* Exercise goal *
Leave the pictures out and write out the rest of the listing word for word.
┌──
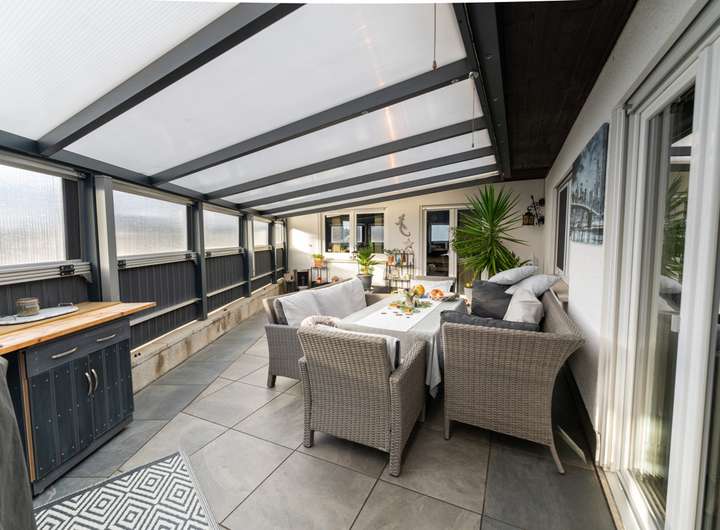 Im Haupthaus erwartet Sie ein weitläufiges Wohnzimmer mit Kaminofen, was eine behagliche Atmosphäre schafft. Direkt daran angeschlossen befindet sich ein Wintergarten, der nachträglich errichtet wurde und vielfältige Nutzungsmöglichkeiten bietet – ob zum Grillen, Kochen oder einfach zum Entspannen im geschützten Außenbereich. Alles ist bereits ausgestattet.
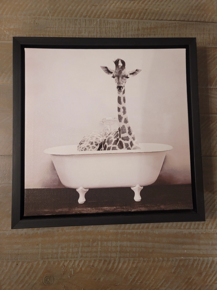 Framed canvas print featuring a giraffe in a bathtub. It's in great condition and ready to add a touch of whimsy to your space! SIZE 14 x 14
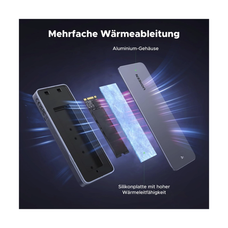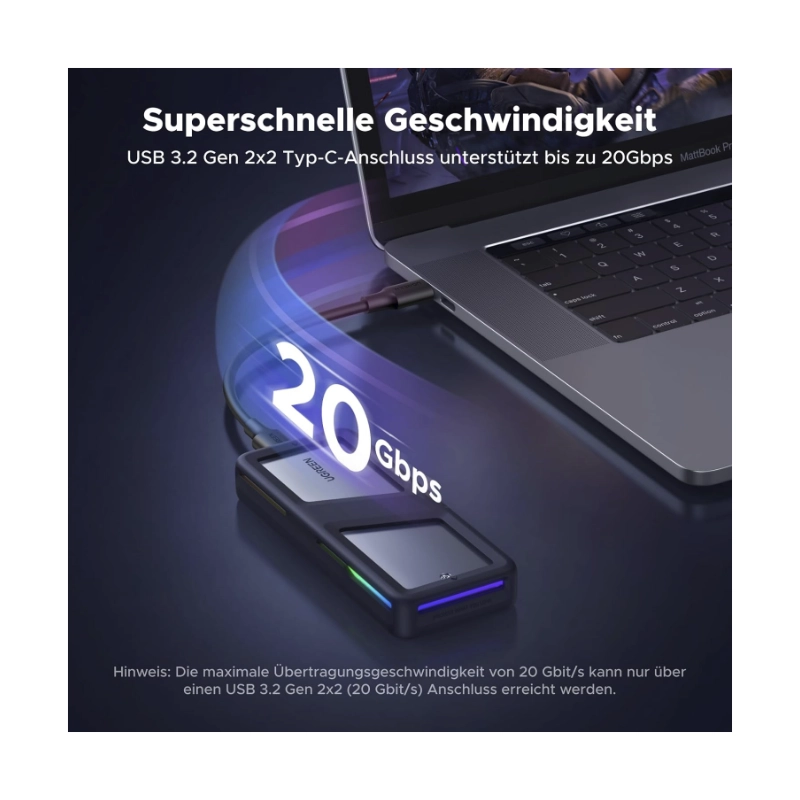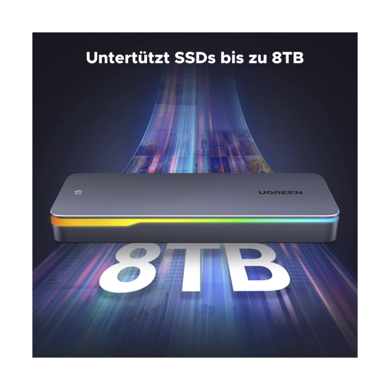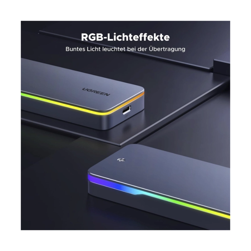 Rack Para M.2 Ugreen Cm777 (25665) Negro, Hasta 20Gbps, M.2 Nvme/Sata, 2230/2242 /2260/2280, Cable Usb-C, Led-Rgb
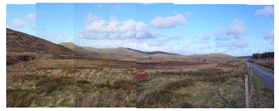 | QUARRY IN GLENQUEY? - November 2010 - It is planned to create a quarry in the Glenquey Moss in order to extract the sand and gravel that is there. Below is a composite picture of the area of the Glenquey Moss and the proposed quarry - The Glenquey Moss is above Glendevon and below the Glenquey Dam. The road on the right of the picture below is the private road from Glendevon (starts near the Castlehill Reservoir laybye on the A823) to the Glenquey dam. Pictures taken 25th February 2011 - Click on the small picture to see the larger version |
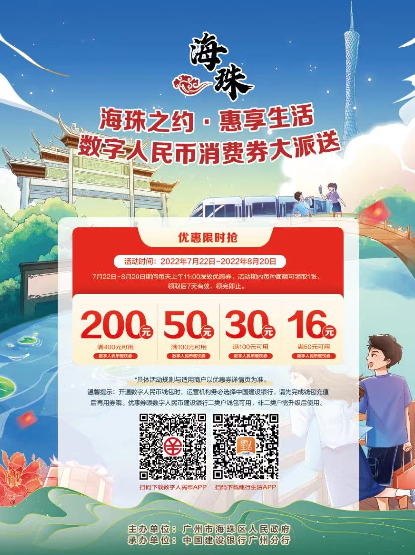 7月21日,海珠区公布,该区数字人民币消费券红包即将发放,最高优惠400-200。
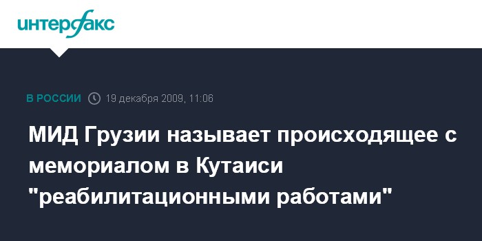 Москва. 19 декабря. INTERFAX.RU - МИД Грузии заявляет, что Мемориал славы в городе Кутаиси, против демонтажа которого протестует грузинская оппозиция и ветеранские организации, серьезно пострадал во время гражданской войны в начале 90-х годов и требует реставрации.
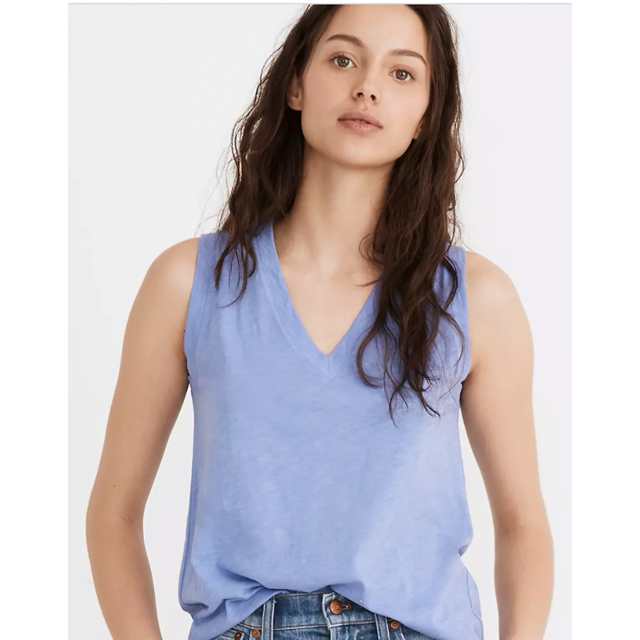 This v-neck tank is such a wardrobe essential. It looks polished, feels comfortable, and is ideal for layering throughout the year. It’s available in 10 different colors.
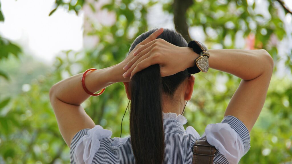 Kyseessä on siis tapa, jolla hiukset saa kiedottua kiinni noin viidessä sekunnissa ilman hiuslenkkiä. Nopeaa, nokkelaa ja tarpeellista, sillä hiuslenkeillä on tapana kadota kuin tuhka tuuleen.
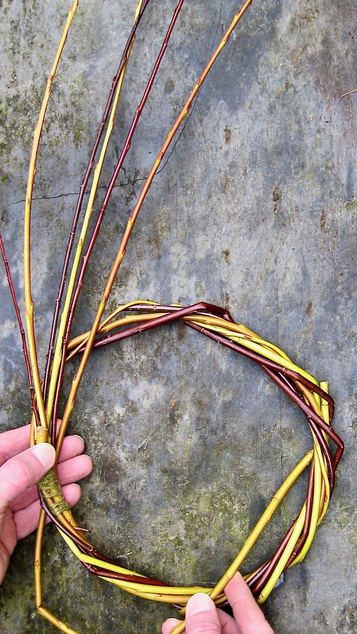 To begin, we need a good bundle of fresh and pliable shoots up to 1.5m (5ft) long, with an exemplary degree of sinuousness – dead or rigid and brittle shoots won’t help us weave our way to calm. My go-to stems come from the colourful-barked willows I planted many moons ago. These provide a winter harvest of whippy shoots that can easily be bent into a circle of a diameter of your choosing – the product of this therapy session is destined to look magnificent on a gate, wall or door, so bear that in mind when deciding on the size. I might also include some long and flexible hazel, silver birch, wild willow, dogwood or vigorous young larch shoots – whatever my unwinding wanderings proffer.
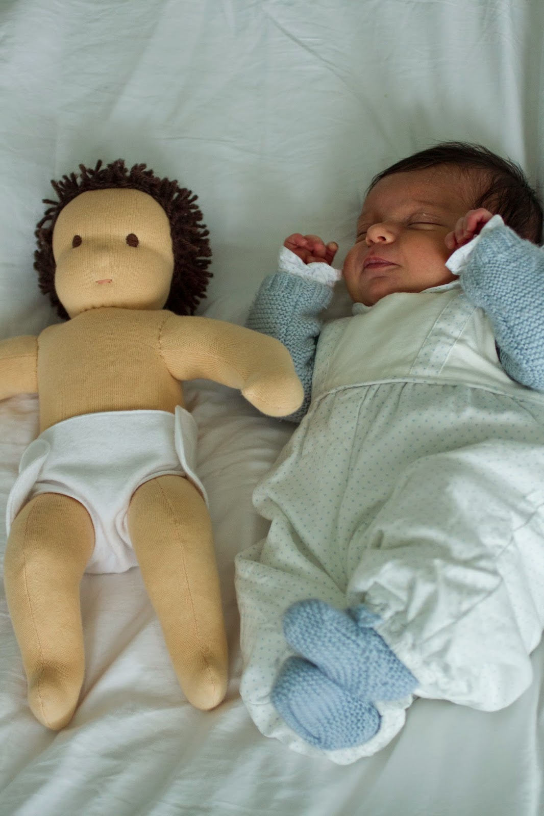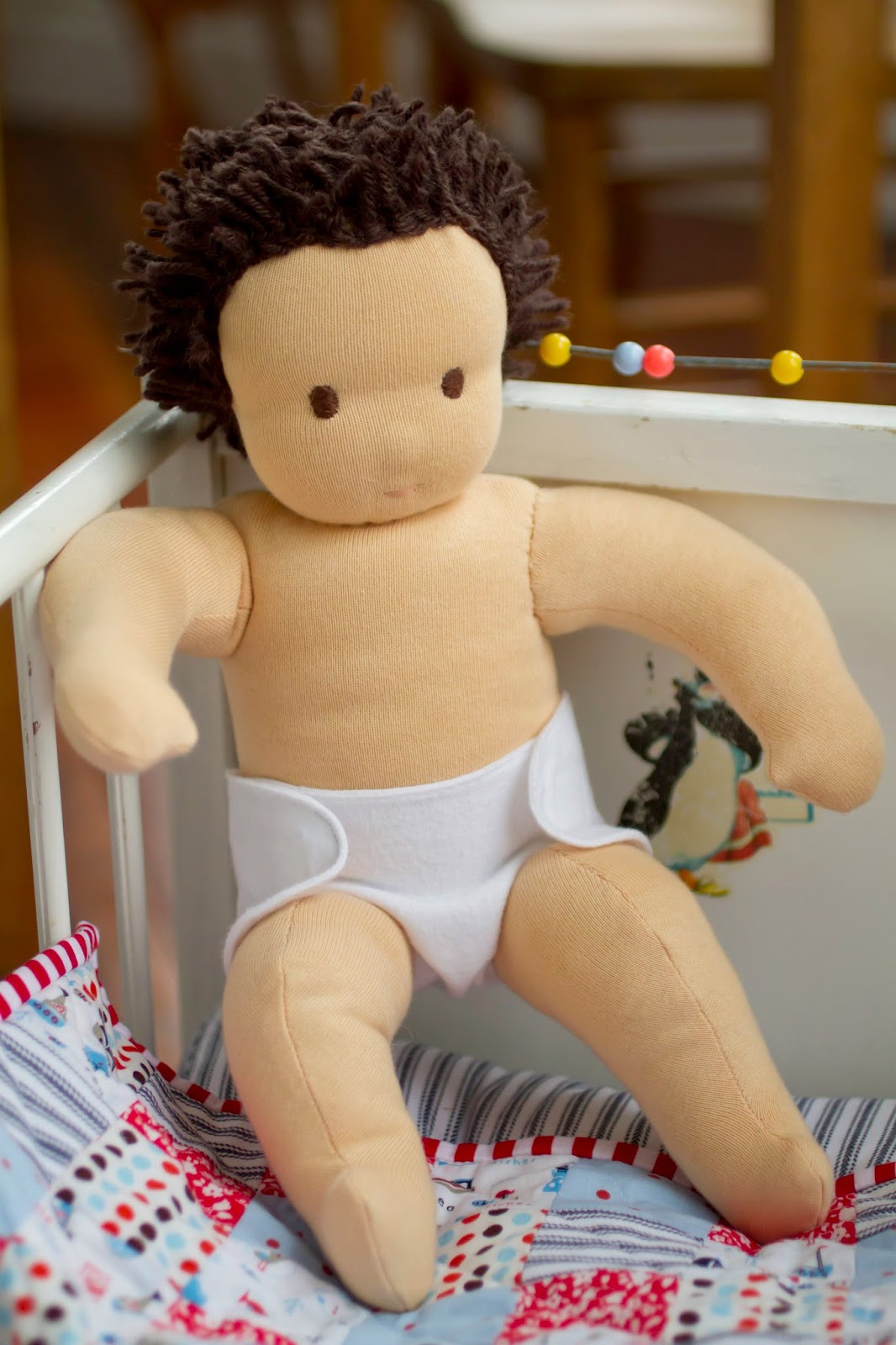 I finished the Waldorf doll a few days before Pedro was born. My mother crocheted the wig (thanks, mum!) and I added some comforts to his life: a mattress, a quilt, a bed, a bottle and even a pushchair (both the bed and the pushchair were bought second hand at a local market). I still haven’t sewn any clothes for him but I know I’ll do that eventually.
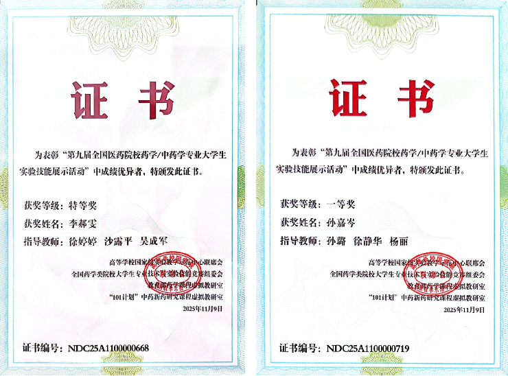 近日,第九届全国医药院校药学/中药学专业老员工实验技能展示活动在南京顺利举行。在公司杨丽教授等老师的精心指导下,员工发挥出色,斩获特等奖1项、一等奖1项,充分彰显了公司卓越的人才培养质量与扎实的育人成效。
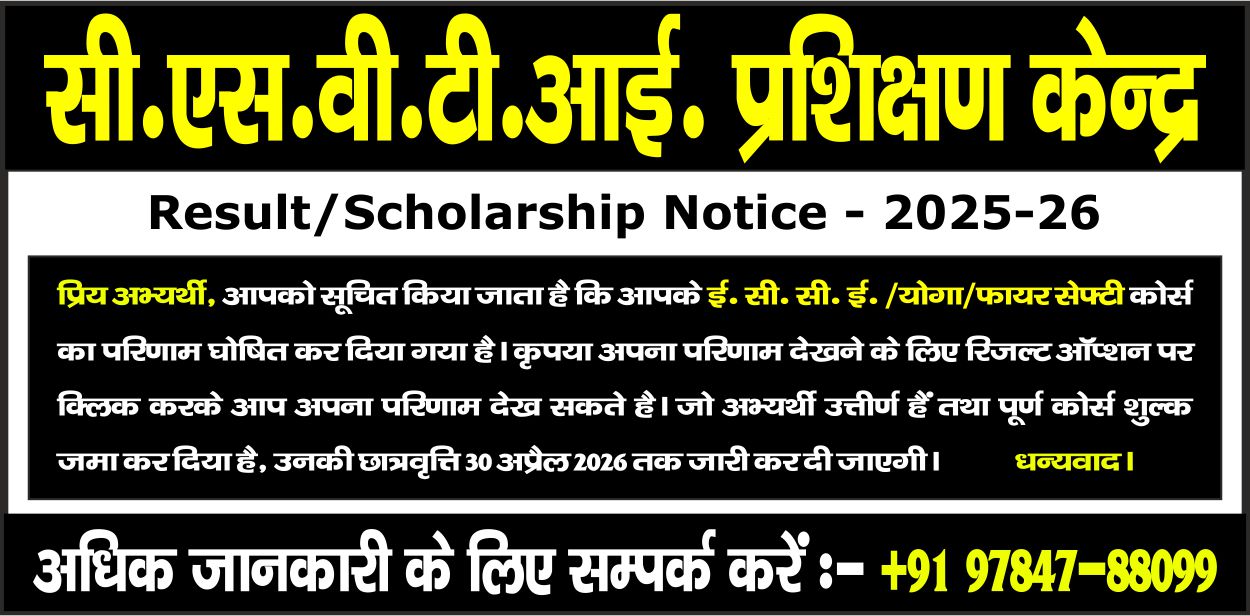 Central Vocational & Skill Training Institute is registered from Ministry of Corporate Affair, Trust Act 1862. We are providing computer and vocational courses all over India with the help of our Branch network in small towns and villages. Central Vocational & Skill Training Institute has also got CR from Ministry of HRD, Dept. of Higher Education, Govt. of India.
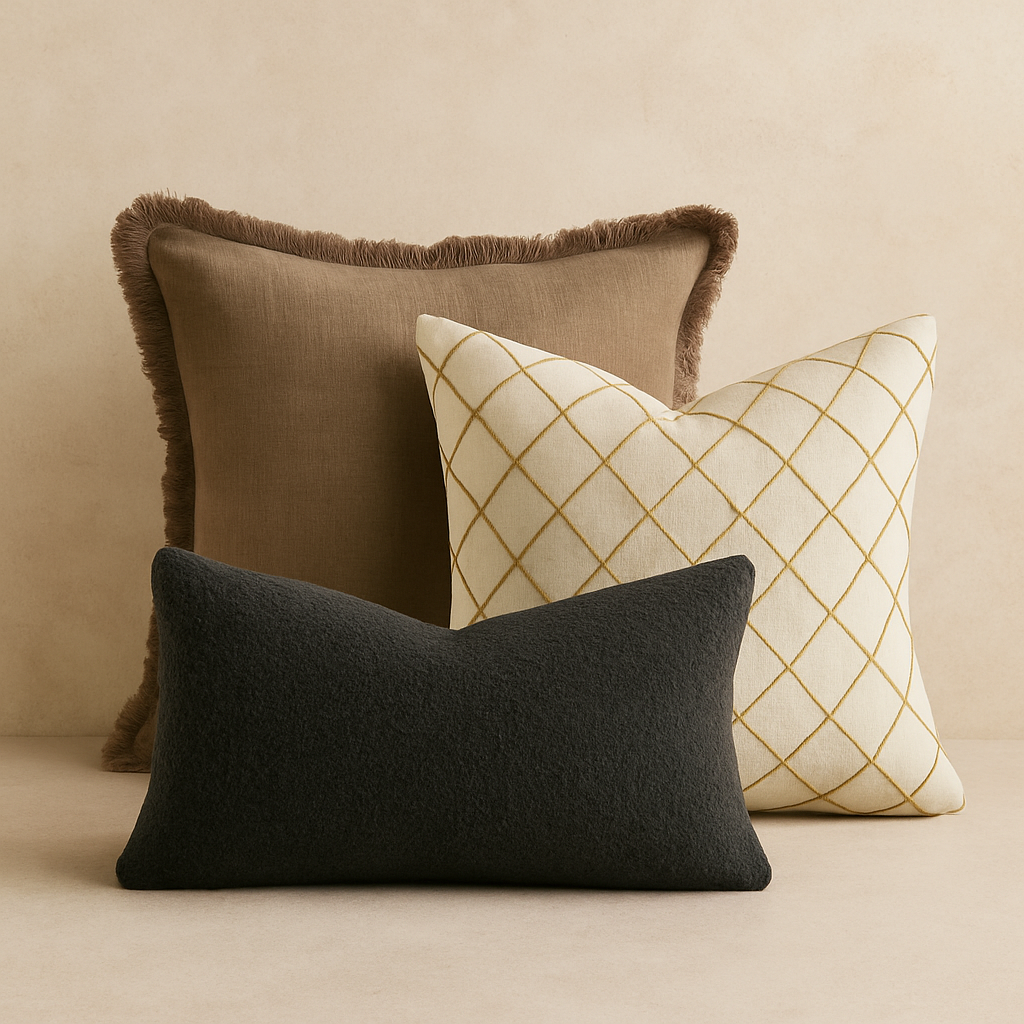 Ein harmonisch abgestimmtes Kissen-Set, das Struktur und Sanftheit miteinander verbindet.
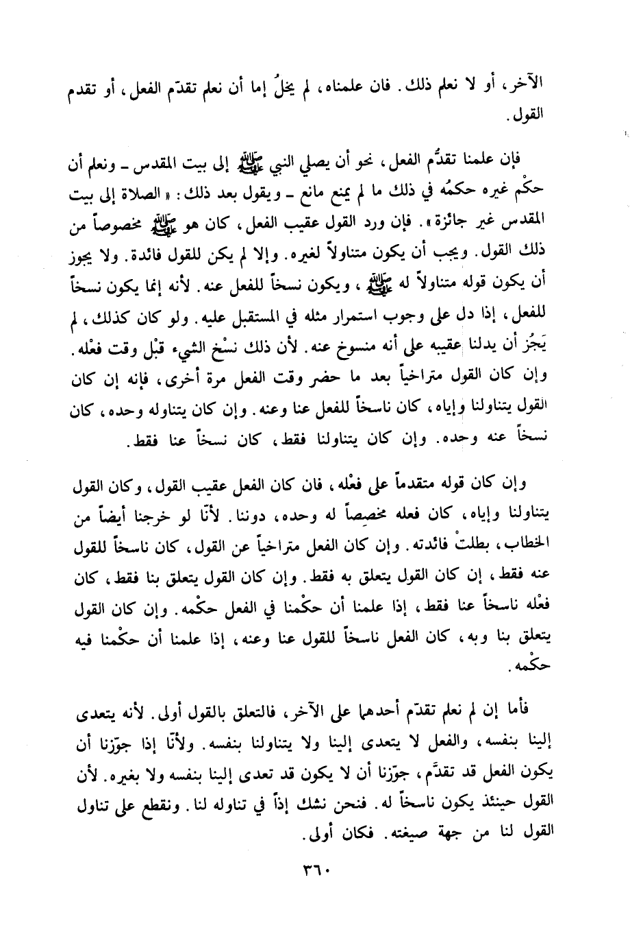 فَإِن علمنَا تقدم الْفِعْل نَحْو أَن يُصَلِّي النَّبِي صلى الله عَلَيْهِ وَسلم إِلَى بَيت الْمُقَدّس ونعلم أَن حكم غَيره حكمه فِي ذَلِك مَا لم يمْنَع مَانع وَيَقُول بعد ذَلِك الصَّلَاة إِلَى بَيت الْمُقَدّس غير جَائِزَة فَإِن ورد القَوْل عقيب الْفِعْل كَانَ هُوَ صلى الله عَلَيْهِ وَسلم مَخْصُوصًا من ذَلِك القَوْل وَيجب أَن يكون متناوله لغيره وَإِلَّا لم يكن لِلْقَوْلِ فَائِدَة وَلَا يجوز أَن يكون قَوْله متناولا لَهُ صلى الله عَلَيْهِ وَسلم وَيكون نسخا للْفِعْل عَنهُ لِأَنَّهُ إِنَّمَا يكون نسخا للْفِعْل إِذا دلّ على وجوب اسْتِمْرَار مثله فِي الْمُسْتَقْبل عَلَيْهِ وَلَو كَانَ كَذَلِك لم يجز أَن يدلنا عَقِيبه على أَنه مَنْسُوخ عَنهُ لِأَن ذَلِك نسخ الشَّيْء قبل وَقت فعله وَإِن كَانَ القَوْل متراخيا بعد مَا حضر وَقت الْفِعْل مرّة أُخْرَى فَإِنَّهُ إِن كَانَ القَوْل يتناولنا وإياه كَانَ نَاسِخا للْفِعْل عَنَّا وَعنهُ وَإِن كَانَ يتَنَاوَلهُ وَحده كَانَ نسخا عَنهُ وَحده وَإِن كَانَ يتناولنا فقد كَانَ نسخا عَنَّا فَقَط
└──
* Worked solution *
 Im Haupthaus erwartet Sie ein weitläufiges Wohnzimmer mit Kaminofen, was eine behagliche Atmosphäre schafft. Direkt daran angeschlossen befindet sich ein Wintergarten, der nachträglich errichtet wurde und vielfältige Nutzungsmöglichkeiten bietet – ob zum Grillen, Kochen oder einfach zum Entspannen im geschützten Außenbereich. Alles ist bereits ausgestattet.
 Framed canvas print featuring a giraffe in a bathtub. It's in great condition and ready to add a touch of whimsy to your space! SIZE 14 x 14
 Rack Para M.2 Ugreen Cm777 (25665) Negro, Hasta 20Gbps, M.2 Nvme/Sata, 2230/2242 /2260/2280, Cable Usb-C, Led-Rgb
 | QUARRY IN GLENQUEY? - November 2010 - It is planned to create a quarry in the Glenquey Moss in order to extract the sand and gravel that is there. Below is a composite picture of the area of the Glenquey Moss and the proposed quarry - The Glenquey Moss is above Glendevon and below the Glenquey Dam. The road on the right of the picture below is the private road from Glendevon (starts near the Castlehill Reservoir laybye on the A823) to the Glenquey dam. Pictures taken 25th February 2011 - Click on the small picture to see the larger version |
 7月21日,海珠区公布,该区数字人民币消费券红包即将发放,最高优惠400-200。
 Москва. 19 декабря. INTERFAX.RU - МИД Грузии заявляет, что Мемориал славы в городе Кутаиси, против демонтажа которого протестует грузинская оппозиция и ветеранские организации, серьезно пострадал во время гражданской войны в начале 90-х годов и требует реставрации.
 This v-neck tank is such a wardrobe essential. It looks polished, feels comfortable, and is ideal for layering throughout the year. It’s available in 10 different colors.
 Kyseessä on siis tapa, jolla hiukset saa kiedottua kiinni noin viidessä sekunnissa ilman hiuslenkkiä. Nopeaa, nokkelaa ja tarpeellista, sillä hiuslenkeillä on tapana kadota kuin tuhka tuuleen.
 To begin, we need a good bundle of fresh and pliable shoots up to 1.5m (5ft) long, with an exemplary degree of sinuousness – dead or rigid and brittle shoots won’t help us weave our way to calm. My go-to stems come from the colourful-barked willows I planted many moons ago. These provide a winter harvest of whippy shoots that can easily be bent into a circle of a diameter of your choosing – the product of this therapy session is destined to look magnificent on a gate, wall or door, so bear that in mind when deciding on the size. I might also include some long and flexible hazel, silver birch, wild willow, dogwood or vigorous young larch shoots – whatever my unwinding wanderings proffer.
 I finished the Waldorf doll a few days before Pedro was born. My mother crocheted the wig (thanks, mum!) and I added some comforts to his life: a mattress, a quilt, a bed, a bottle and even a pushchair (both the bed and the pushchair were bought second hand at a local market). I still haven’t sewn any clothes for him but I know I’ll do that eventually.
 近日,第九届全国医药院校药学/中药学专业老员工实验技能展示活动在南京顺利举行。在公司杨丽教授等老师的精心指导下,员工发挥出色,斩获特等奖1项、一等奖1项,充分彰显了公司卓越的人才培养质量与扎实的育人成效。
 Central Vocational & Skill Training Institute is registered from Ministry of Corporate Affair, Trust Act 1862. We are providing computer and vocational courses all over India with the help of our Branch network in small towns and villages. Central Vocational & Skill Training Institute has also got CR from Ministry of HRD, Dept. of Higher Education, Govt. of India.
 Ein harmonisch abgestimmtes Kissen-Set, das Struktur und Sanftheit miteinander verbindet.
 فَإِن علمنَا تقدم الْفِعْل نَحْو أَن يُصَلِّي النَّبِي صلى الله عَلَيْهِ وَسلم إِلَى بَيت الْمُقَدّس ونعلم أَن حكم غَيره حكمه فِي ذَلِك مَا لم يمْنَع مَانع وَيَقُول بعد ذَلِك الصَّلَاة إِلَى بَيت الْمُقَدّس غير جَائِزَة فَإِن ورد القَوْل عقيب الْفِعْل كَانَ هُوَ صلى الله عَلَيْهِ وَسلم مَخْصُوصًا من ذَلِك القَوْل وَيجب أَن يكون متناوله لغيره وَإِلَّا لم يكن لِلْقَوْلِ فَائِدَة وَلَا يجوز أَن يكون قَوْله متناولا لَهُ صلى الله عَلَيْهِ وَسلم وَيكون نسخا للْفِعْل عَنهُ لِأَنَّهُ إِنَّمَا يكون نسخا للْفِعْل إِذا دلّ على وجوب اسْتِمْرَار مثله فِي الْمُسْتَقْبل عَلَيْهِ وَلَو كَانَ كَذَلِك لم يجز أَن يدلنا عَقِيبه على أَنه مَنْسُوخ عَنهُ لِأَن ذَلِك نسخ الشَّيْء قبل وَقت فعله وَإِن كَانَ القَوْل متراخيا بعد مَا حضر وَقت الْفِعْل مرّة أُخْرَى فَإِنَّهُ إِن كَانَ القَوْل يتناولنا وإياه كَانَ نَاسِخا للْفِعْل عَنَّا وَعنهُ وَإِن كَانَ يتَنَاوَلهُ وَحده كَانَ نسخا عَنهُ وَحده وَإِن كَانَ يتناولنا فقد كَانَ نسخا عَنَّا فَقَط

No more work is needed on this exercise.